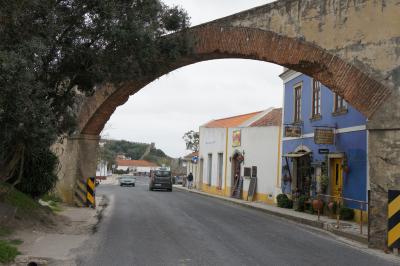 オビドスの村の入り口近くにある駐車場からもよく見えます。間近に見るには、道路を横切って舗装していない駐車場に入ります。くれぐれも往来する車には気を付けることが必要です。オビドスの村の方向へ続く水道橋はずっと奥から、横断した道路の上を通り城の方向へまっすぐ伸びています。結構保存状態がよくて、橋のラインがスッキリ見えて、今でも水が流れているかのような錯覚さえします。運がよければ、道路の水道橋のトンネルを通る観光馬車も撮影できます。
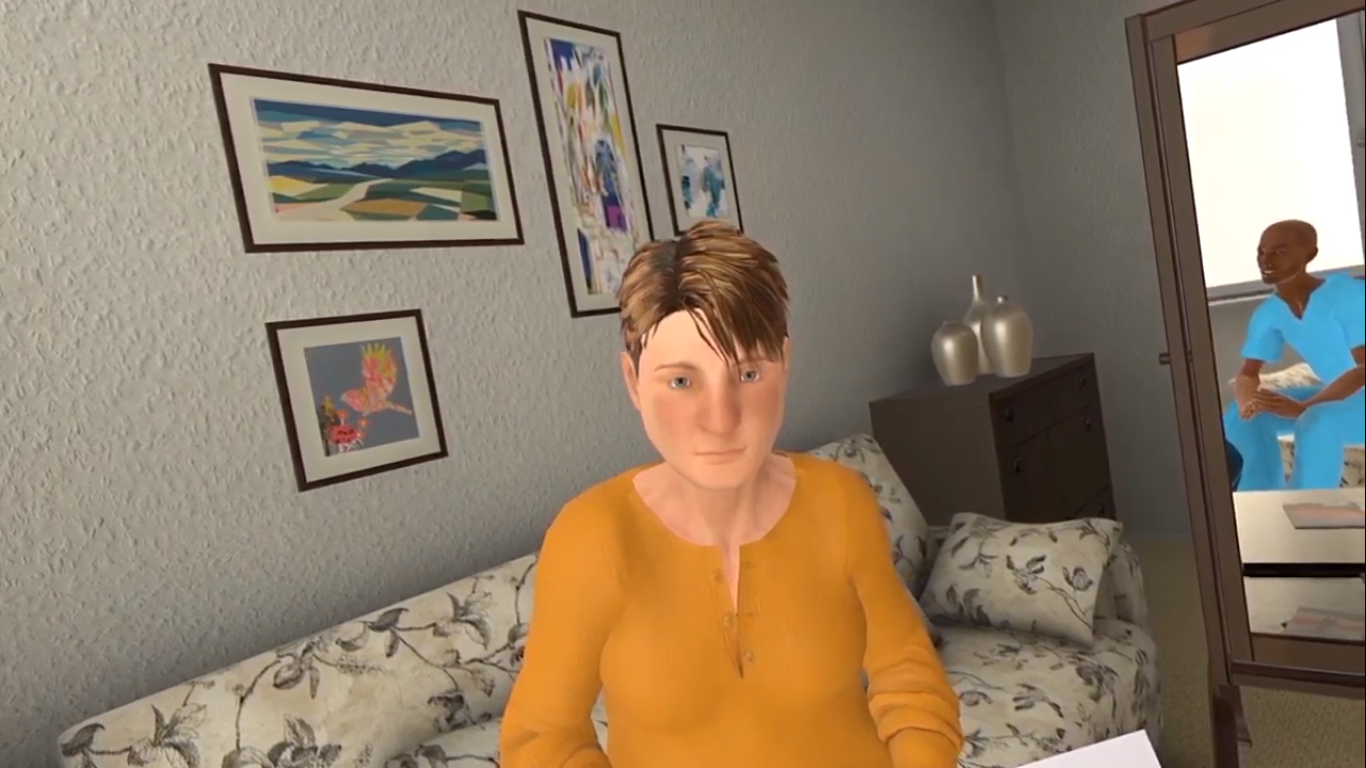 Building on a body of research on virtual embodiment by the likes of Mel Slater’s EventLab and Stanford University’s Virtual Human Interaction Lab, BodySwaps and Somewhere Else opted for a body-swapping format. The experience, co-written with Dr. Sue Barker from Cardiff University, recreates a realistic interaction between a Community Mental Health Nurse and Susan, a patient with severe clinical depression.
...
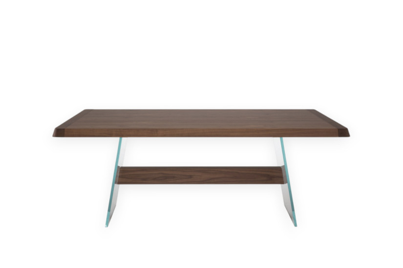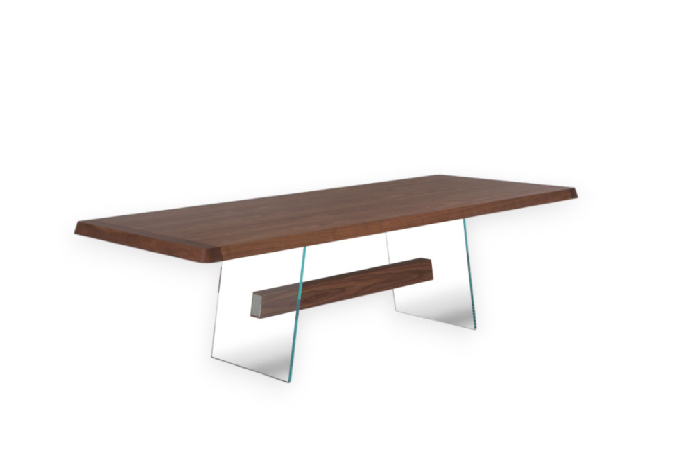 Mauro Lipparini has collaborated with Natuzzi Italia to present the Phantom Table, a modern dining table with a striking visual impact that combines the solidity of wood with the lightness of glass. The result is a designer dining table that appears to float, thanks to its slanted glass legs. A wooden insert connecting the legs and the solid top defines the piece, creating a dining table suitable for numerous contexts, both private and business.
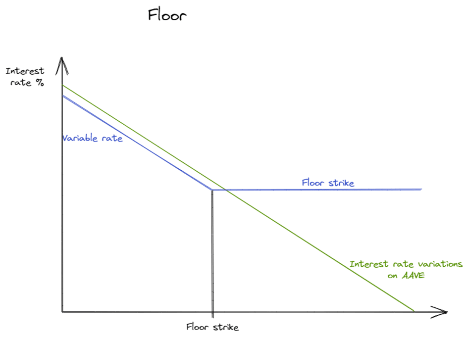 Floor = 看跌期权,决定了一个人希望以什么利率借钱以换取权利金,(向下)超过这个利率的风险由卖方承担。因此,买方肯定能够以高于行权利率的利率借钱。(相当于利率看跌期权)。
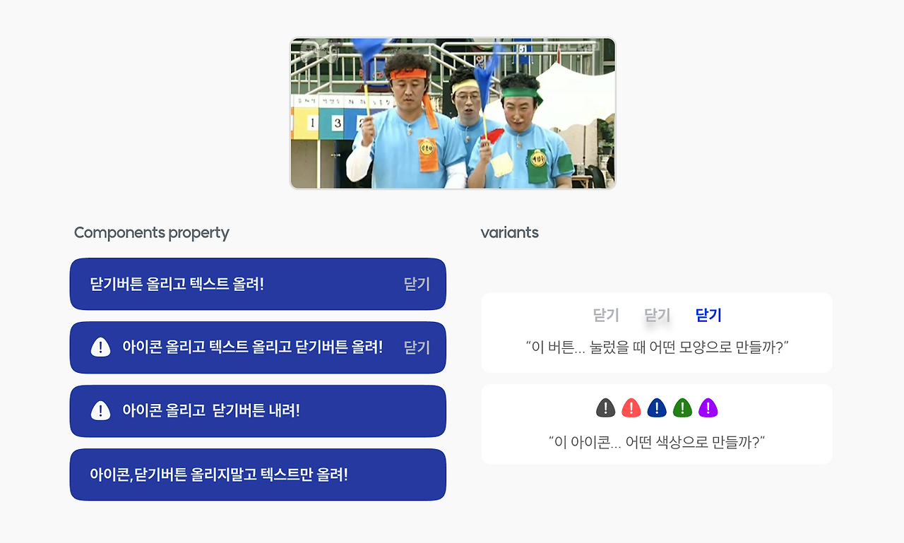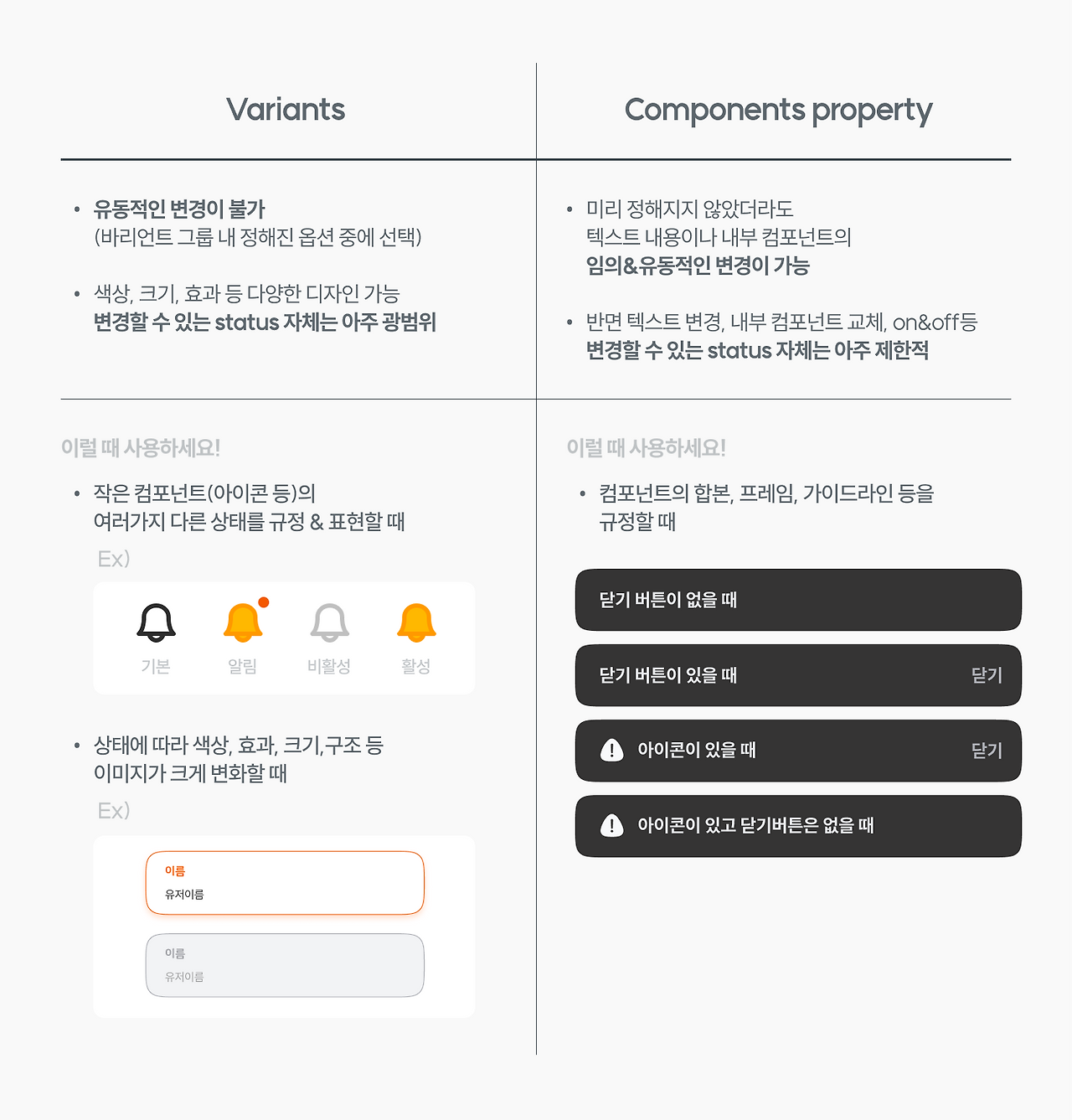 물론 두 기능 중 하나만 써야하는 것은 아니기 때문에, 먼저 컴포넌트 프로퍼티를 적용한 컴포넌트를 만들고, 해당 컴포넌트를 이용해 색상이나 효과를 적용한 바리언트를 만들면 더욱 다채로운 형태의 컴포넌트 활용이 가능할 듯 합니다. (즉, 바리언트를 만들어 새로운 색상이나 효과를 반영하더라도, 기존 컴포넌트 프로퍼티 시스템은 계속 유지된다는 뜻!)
==
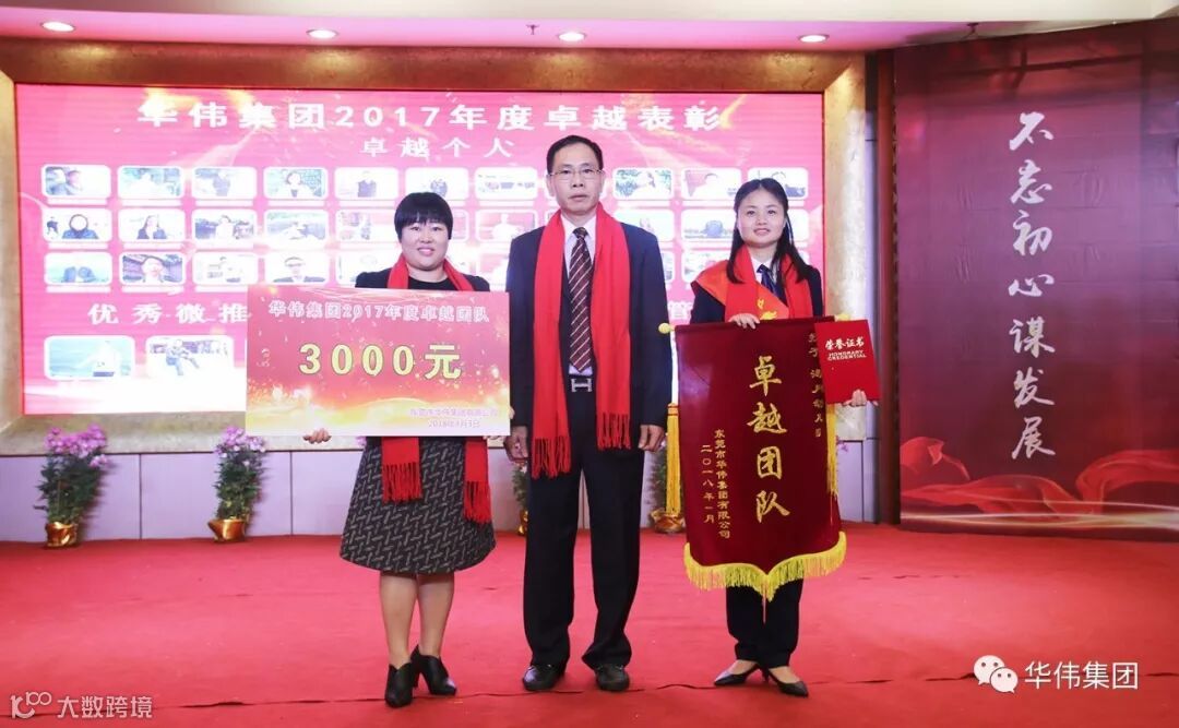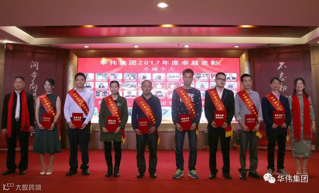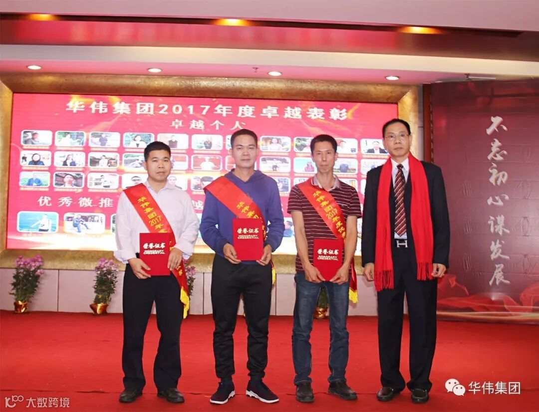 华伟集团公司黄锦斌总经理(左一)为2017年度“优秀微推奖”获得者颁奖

## The task
In the listing above, find the line with "オビドスの村の入り口近くにあ" and output every line through the one with "Building on a", exactly, without the pictures.

## Task answer
 オビドスの村の入り口近くにある駐車場からもよく見えます。間近に見るには、道路を横切って舗装していない駐車場に入ります。くれぐれも往来する車には気を付けることが必要です。オビドスの村の方向へ続く水道橋はずっと奥から、横断した道路の上を通り城の方向へまっすぐ伸びています。結構保存状態がよくて、橋のラインがスッキリ見えて、今でも水が流れているかのような錯覚さえします。運がよければ、道路の水道橋のトンネルを通る観光馬車も撮影できます。
 Building on a body of research on virtual embodiment by the likes of Mel Slater’s EventLab and Stanford University’s Virtual Human Interaction Lab, BodySwaps and Somewhere Else opted for a body-swapping format. The experience, co-written with Dr. Sue Barker from Cardiff University, recreates a realistic interaction between a Community Mental Health Nurse and Susan, a patient with severe clinical depression.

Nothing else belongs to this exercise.